On ne comprend pas grand-chose à ce qui se passe actuellement en matière d’immigration (et ce qui se passera sans doute demain) si on n’a pas lu Michèle Tribalat.
Cette démographe n’est pas n’importe qui. Membre de l’Institut National d’Etudes Démographiques (INED) depuis de décennies, directrice de recherches et essayiste spécialisée en problématique migratoire, elle se distingue par de fréquentes prises de position publiques aux antipodes du discours politiquement correcte multiculturaliste ambiant cher à certains politiciens et autres idéologues moralisateurs.
Le tout étayé par une solide connaissance des chiffres, elle n’hésite pas à effectuer de recoupements de données de nature à faire remonter à la surface de conclusions statistiques prêtant à la polémique en matière de démographie ethnique et confessionnelle, du genre que la république française officielle ne saurait voir.
Auteur d’ouvrages très remarqués en matière d’immigration et de (non) assimilation, avec, par la nature des choses, un accent particulier sur l’immigration arabo-musulmane, elle interpelle l’opinion publique dans de livres aux titres alarmants : en 2002 déjà « La République et l’islam : entre crainte et aveuglement » ; en 2010 « Les yeux grands fermés (L’immigration en France) » ou, en 2013, « Assimilation : la fin du modèle français ».
Or, un article récent de sa plume, un peu technique mais richement documenté et illustré, semble en décalage avec ses positions habituelles. Modestement publié, en mars dernier, sur les colonnes de « Constructif », bulletin de l’organe de réflexion stratégique de la Fédération Française du Bâtiment, il s’intitule « L’immigration au secours de la démographie ? ».
La démographie, appliquée à de grands nombres et de longues périodes, étant presque une science exacte, et les sources d’information de Tribalat étant parmi d’autres, excusez du peu, Eurostat et l’étude Europop 2013 concernant l’ensemble de l’Union Européenne à l’horizon 2080, il convient de prendre ces données très au sérieux.
Les deux constats clé, dans l’hypothèse (certes théorique) d’absence de migrations, n’en sont rien moins qu’effrayants :
· « La population de l’Union Européenne dans sa configuration actuelle (UE 28) diminuerait de 108 millions d’habitants (507 millions en 2014, 399 millions en 2080).
· « Des évolutions très spectaculaires toucheront la taille de la population d’âge actif… (qui) perdrait 120 millions. C’est (presque) l’équivalent de la population actuelle d’âge actif de l’Allemagne, de la France et de l’Espagne réunies. » Entendons-nous bien : il s’agit, là, faute d’immigration, de la disparition de trois grands pays d’Europe…
La diminution des « actifs » est naturellement plus importante que celle de la population générale vu le vieillissement de cette dernière ; aussi angoissant que le reste…

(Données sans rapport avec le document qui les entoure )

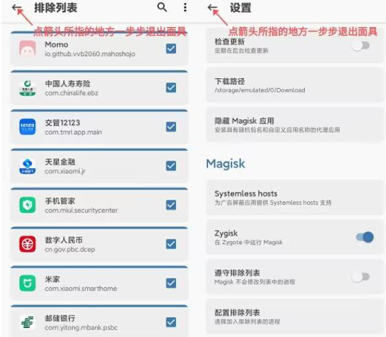 直接打开德尔塔面具,在面具设置里,打开magisk hide并且配置排除列表,将你需要隐藏root的软件打钩处理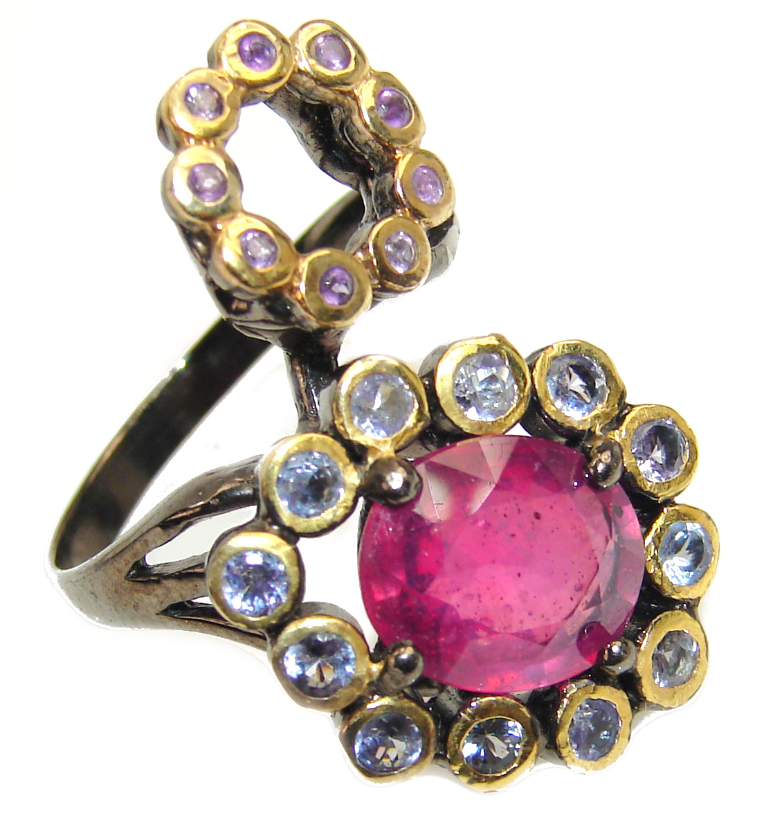 Great quality unique Ruby 18K Black rhodium Gold over .925 Sterling Silver handcrafted Ring size 9

En clair : l’Europe sans une (forte) immigration est une civilisation moribonde ; condamnée à la déchéance démographique, sociale, économique; à l’effondrement de tous les systèmes (certes la retraite mais aussi la scolarité, la sécurité sociale, l’assurance médicale etc…); à la paupérisation généralisée, probablement aussi aux crises de régimes et au chaos politique générateur in fine de guerres et tyrannies.
A lire l’article on constate une forte disparité entre les pays européens en la matière. La France, par exemple, se porterait, dans cette hypothèse, moins mal que l’Allemagne vu sa meilleure natalité.

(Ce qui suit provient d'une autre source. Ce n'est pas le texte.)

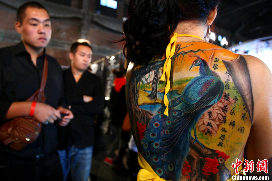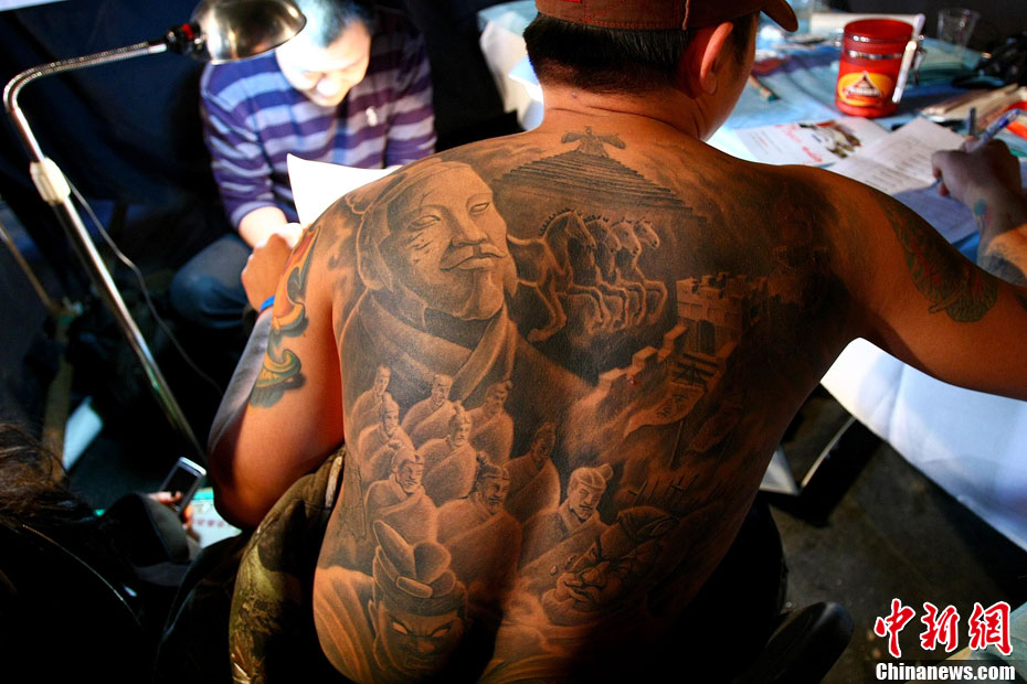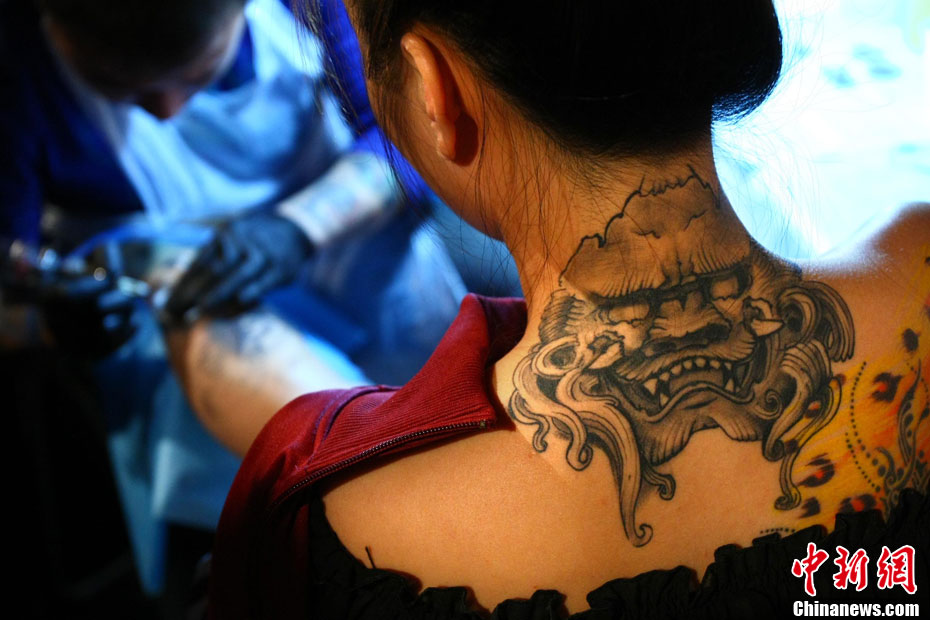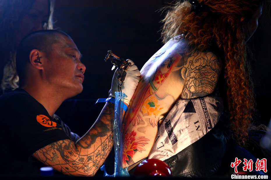 10月15日,中國(國際)紋身藝術節(jié)在北京798藝術區(qū)開幕,這是國內舉辦的首次國際性紋身藝術節(jié)。本屆紋身展會的宗旨是:“讓藝術向紋身靠攏”,為國內外紋身師提供一個公平、公正的同臺獻藝和交流的平臺。來自美國、澳大利亞、新西蘭等國以及中國許多省市的紋身師現場展示富有個性、創(chuàng)意十足的紋身作品。藝術節(jié)將持續(xù)至17日。 中新社發(fā) 富田 攝

C’est probablement la raison pour laquelle l’Allemagne prend actuellement la tête de la soi-disant « générosité » à l’égard des migrants; et pourquoi la France reste relativement en retrait. C’est que l’on ne nous dit pas tout : nos chers dirigeants, de part et d’autre du Rhin, connaissent ces chiffres et se comportent, d’ores et déjà, en conséquence.

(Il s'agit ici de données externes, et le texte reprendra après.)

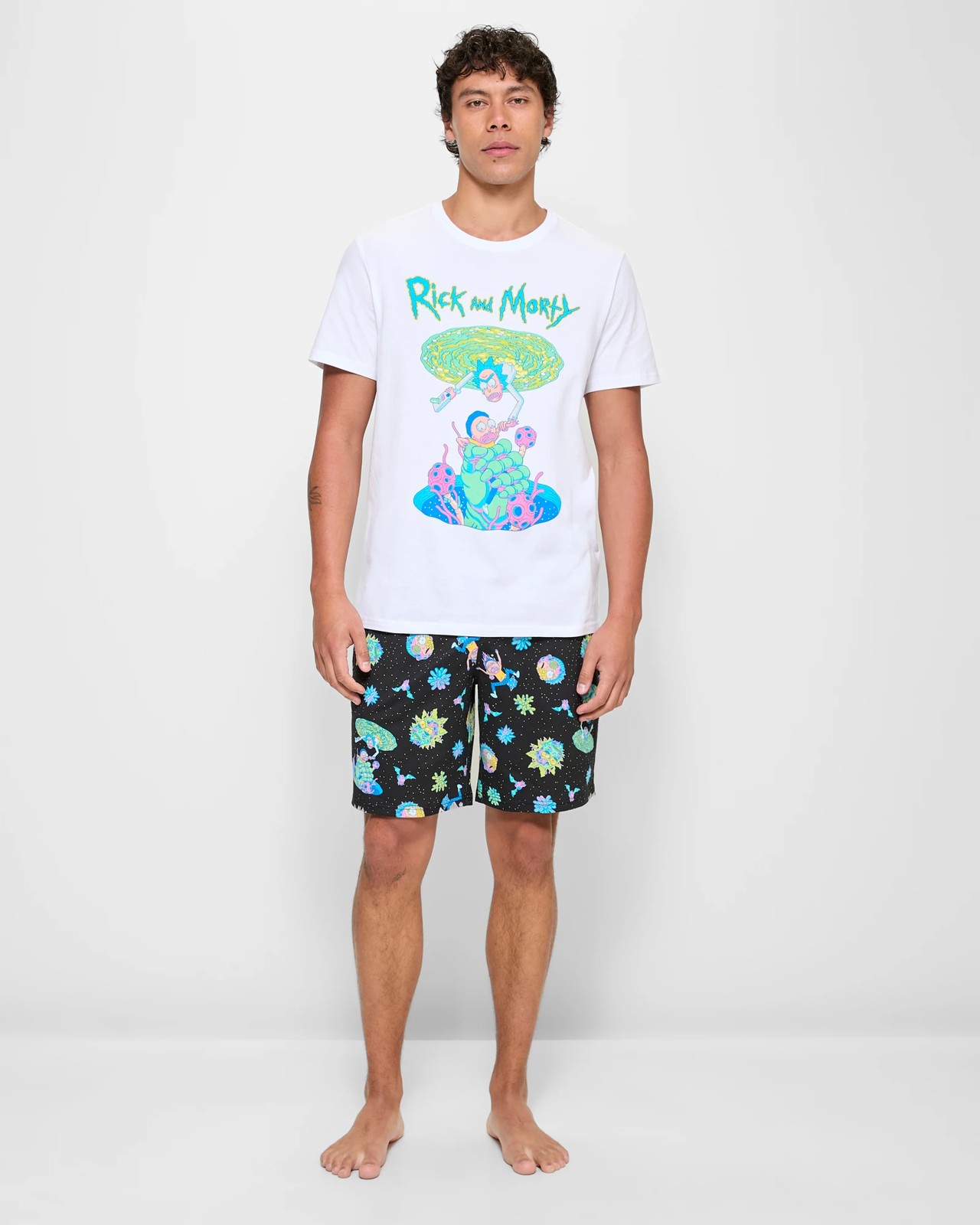 Shorts: black colour, all over Rick & Morty™ print, elastic waist with drawstring, side seam pockets, short leg length, straight hemline

Il est à noter qu’une immigration fortement restreinte, « sélective », serait insuffisante pour rééquilibrer les chiffres, très au-dessous du problème.
Ce que l’on appelle à tort « la crise des migrants » est la convulsion d’une Europe dont la survie à terme dépend de l’absorption d’un remède migratoire à forte dose, quelqu’en soit l’origine ou le coût.
Pour survivre, ce ne sont pas les migrants qui s’accrochent à leurs frêles embarcations: c’est l’Europe qui s’accroche à eux.
Par Kalman Schnur (après lecture de Michèle Tribalat).